The legend of the Golem is brought to modern-day Yonkers, New York, in the graphic novel Brik, by Adam Glass, Michael Benson, and Harwinder Singh.
After twelve-year-old Drew loses his grandfather to gang violence, he successfully invokes the Jewish Golem myth to seek protection—and revenge. Addressing the Golem, Drew tells the creature, “We need to make our mark./ Something to let people know…/ that we are here./ And that there is hope. From here out yer name is Brik.”
The tale unfolds convincingly, with believable motivations and problems as Drew tries to safeguard his mother and the small store they’re being harassed to sell.

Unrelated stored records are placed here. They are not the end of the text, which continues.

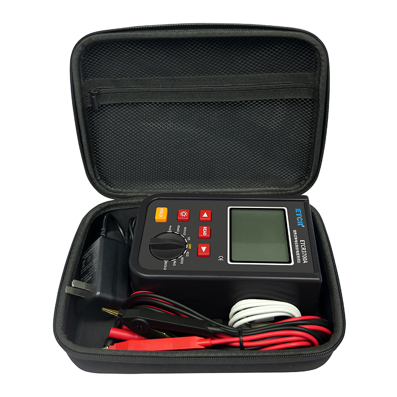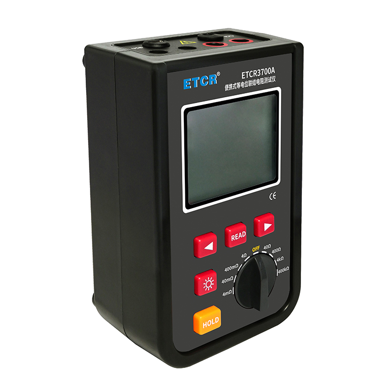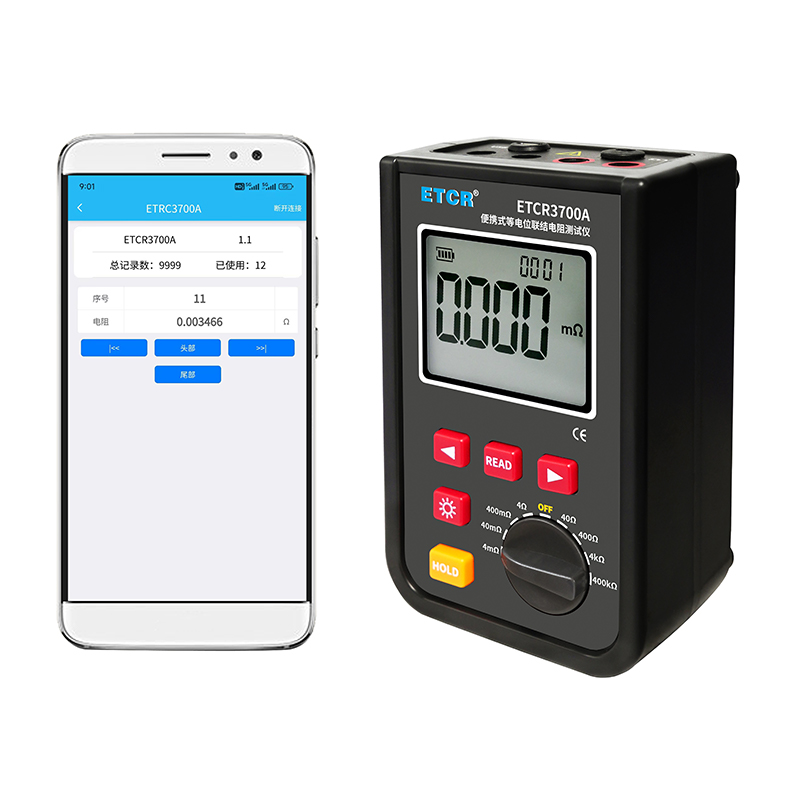 ETCR3700A等电位联接电阻测试仪由主机、测试线组成。宽量程:0.001mΩ~400kΩ,高分辨率1uΩ,最大测试电流:1.2A,主机大屏LCD显示,采用可充电大容量锂电池,仪表具有自动关机功能,数据存储功能,存储测试数据9999组,具有蓝牙通讯,安装APP后可在手机查看测试记录,具有USB接口,安装上位机软件后,可将测试数据下载电脑进行保存、管理、查询、分析、打印等,仪表操作简易,携带方便。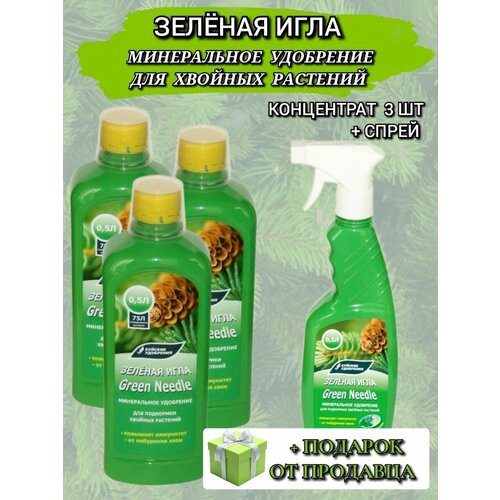 Весеннее минеральное удобрение "Зеленая игла", от побурения хвои. Набор Спрей 500 мл 1 шт + концентрат 500 мл 3 шт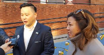 國會眾議員孟昭文(右)及州眾議員金兌錫兩人昨日上午連袂前往20小學投票站觀察投票情況,並對亞裔選民的熱情參與投票表示欣慰。(圖:羊展恬攝)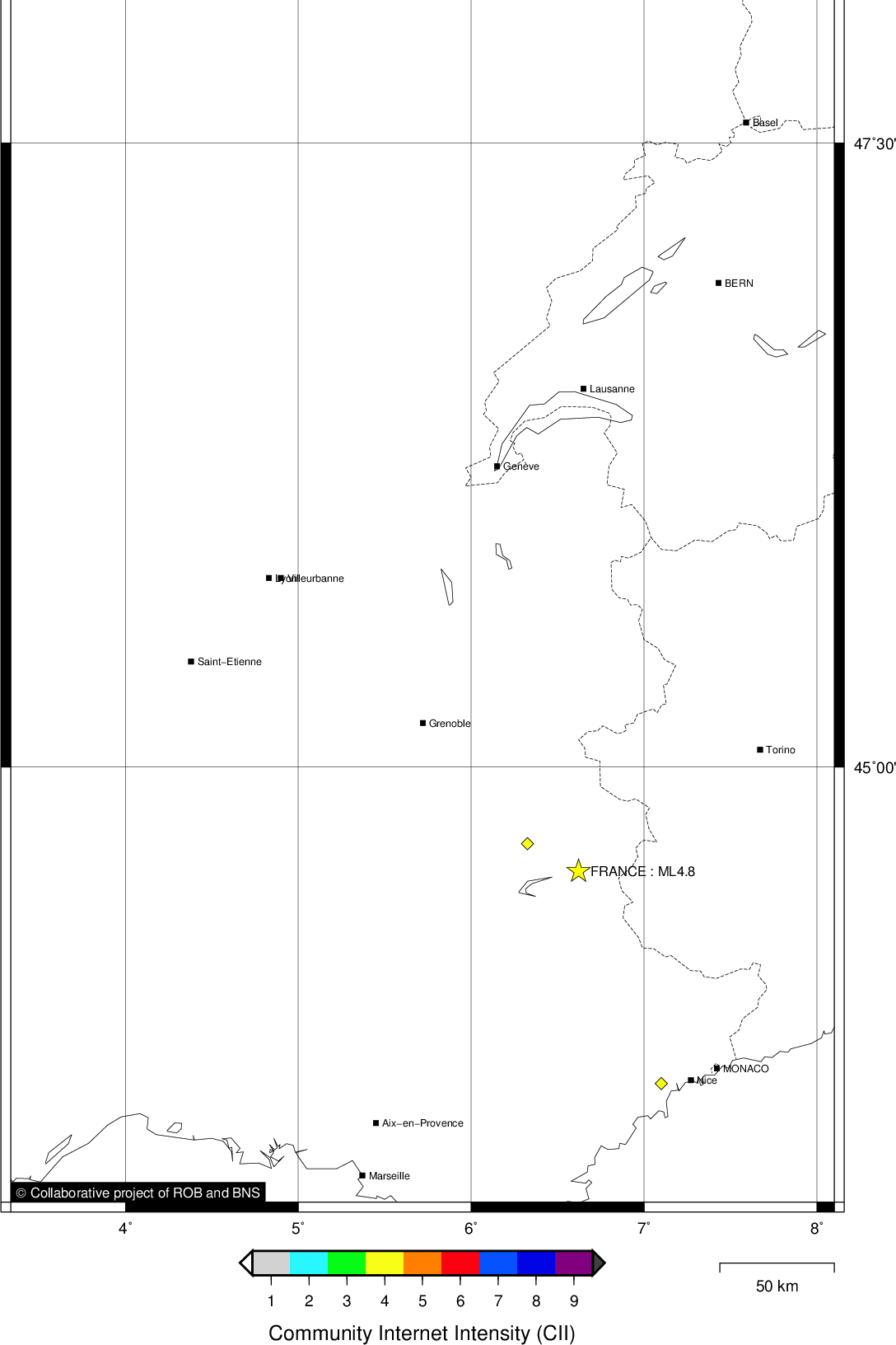 | Epicentral coordinates | 44.570° N, 6.620° E Uncertainty ± 3.9 km |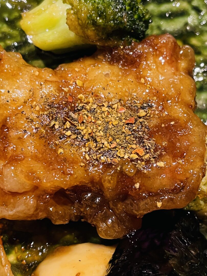 パラパラと黒い粉雪を振りかける。 再び肉を口へ……世界が変わった。 柚子と大葉の鋭い香りと痺れが、甘美な黒酢あんを一瞬にして「キレのある大人のソース」へと昇華させる。重厚さが軽さに変わり、研ぎ澄まされた旨味だけが残る。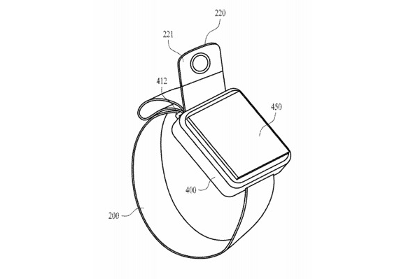Med Apples løsning kan man i stedet justere kameraets placering ved at justere en del af remmen, der stikker op bag urkassen. På den måde kan man også kigge på urets skærm for at tjekke kompositionen, inden man trykker på udløseren.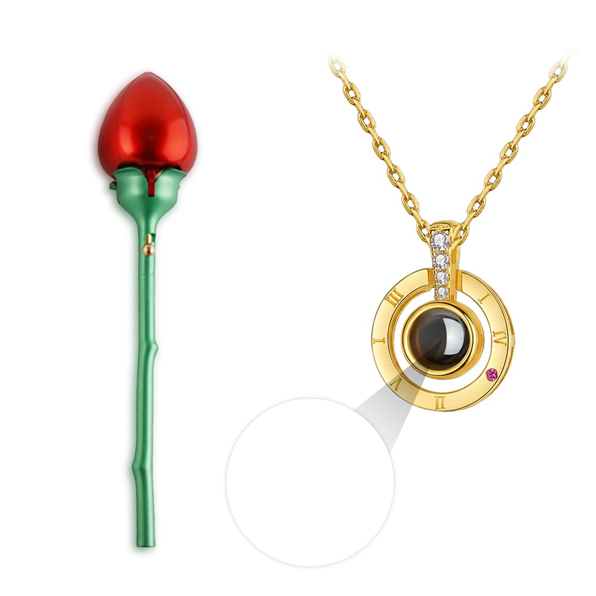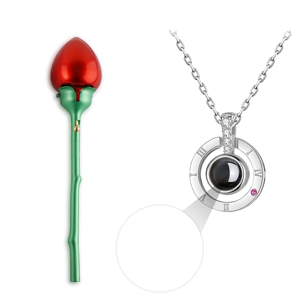 100 Languages I Love You Necklace for Women, Personalized Name Projection Pendant Jewelry, Customizable Romantic Gift for Mom Wife Girlfriend on Valentine's Day, Anniversary, Birthday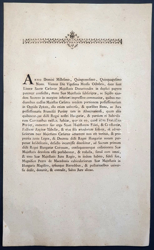Latin nyelvű oklevél-nyomtatványunk eredetije 1560 körül keletkezett. Az okmányban I. Ferdinánd magyar király az ország egyik jelentős méltóságának, Perényi Ferenc tárnokmesternek felségárulás miatti birtokfosztásáról rendelkezik. A korábban Habsburg-pártinak számító Perényi Ferenc főúr dokumentumunk szövege szerint 1559-ben elnyerte az Abaúj megyei Szikszó városát és további abaúji birtoktesteket. Ám a főúr még ebben az évben az erdélyi különállást képviselő Jagelló Izabella, valamint fia, János Zsigmond pártjára állt. A pártváltást az ellenérdekelt Habsburg-uralkodó - oklevelünk kiadója - főbenjáró bűnnek ítélte, és ennek nyomán dokumentumunk jogi aktusával megfosztotta Perényi Ferencet valamennyi birtokától, és annak birtokjogát örök időkre saját hívére, Macedóniai Péter kamarásmesternek és fiú ági örököseinek adományozta. Levéltári jelentőségű dokumentumunk a 220 évvel korábban kiadott felségárulási oklevél nyomán készült birtokjogi nyomtatvány.
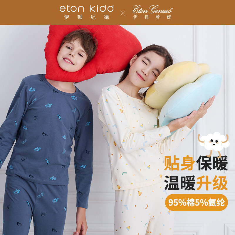 伊顿纪德旗下伊顿珍妮新男女童学院长款家居服套装儿童春秋25Y901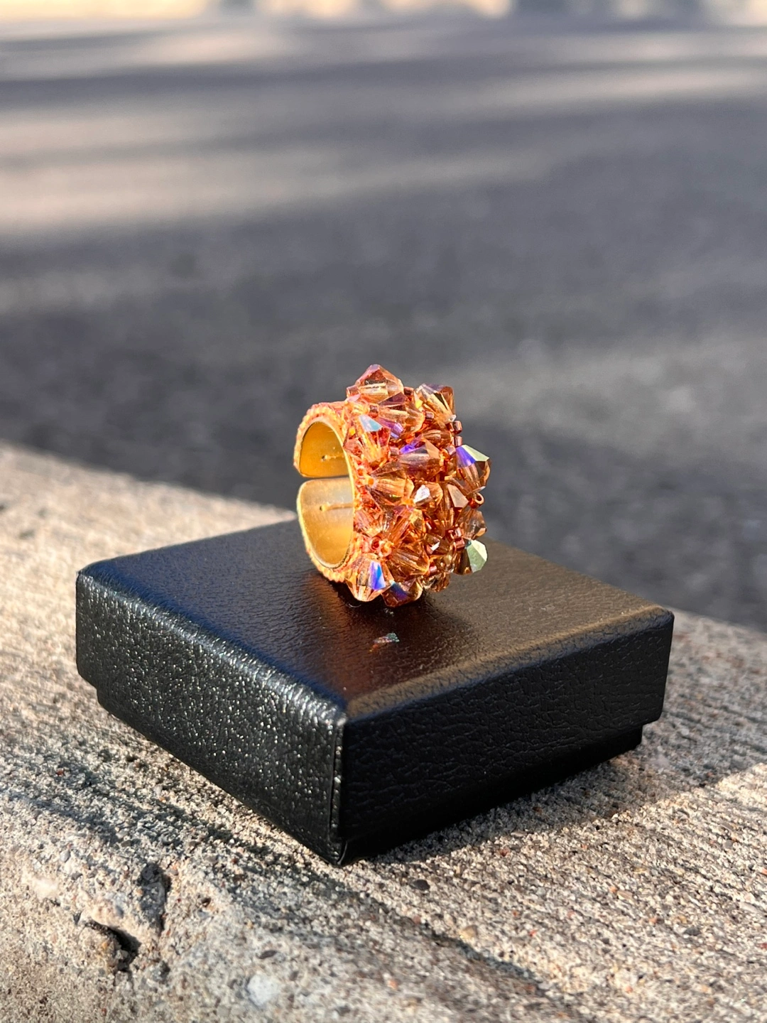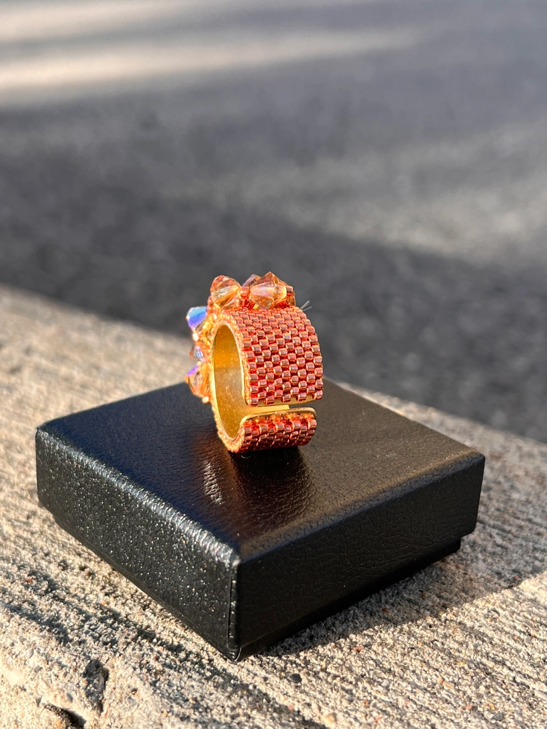 This stunning ring is handcrafted with authentic Swarovski crystals and premium Japanese Miyuki beads. ✨ ✅ Unique handmade design ✅ Elegant gold-tone base ✅ Perfect for special occasions or everyday sparkle

There are two major “twists,” one of which, delivered on the final page, succeeds better than the other. But Glass and Benson, with plenty of experience writing both comics and television, create a convincing self-contained community, populated by local thugs, heroes, and average citizens. The somewhat familiar character archetypes, including the stubborn old grandfather and worried mother, become appealing people in their own right, not just devices to move the plot along.
The urban environment is rendered in a vibrant, kinetic style by Singh (and colorist Gonzalo Duarte), bringing the common adolescent power fantasy of being a hero (or, in this case, controlling one) vividly to life. Though it’s entertaining fiction, Brik goes deeper than a typical “kid rights wrongs” story; it teaches universal lessons on the costs of vengeance, and the dangers of purely emotional responses to one’s problems. Due to violence and language, its intended audience is those age thirteen and up, but for those above that cutoff—by days or by decades—Brik makes for an engrossing and thought-provoking tale.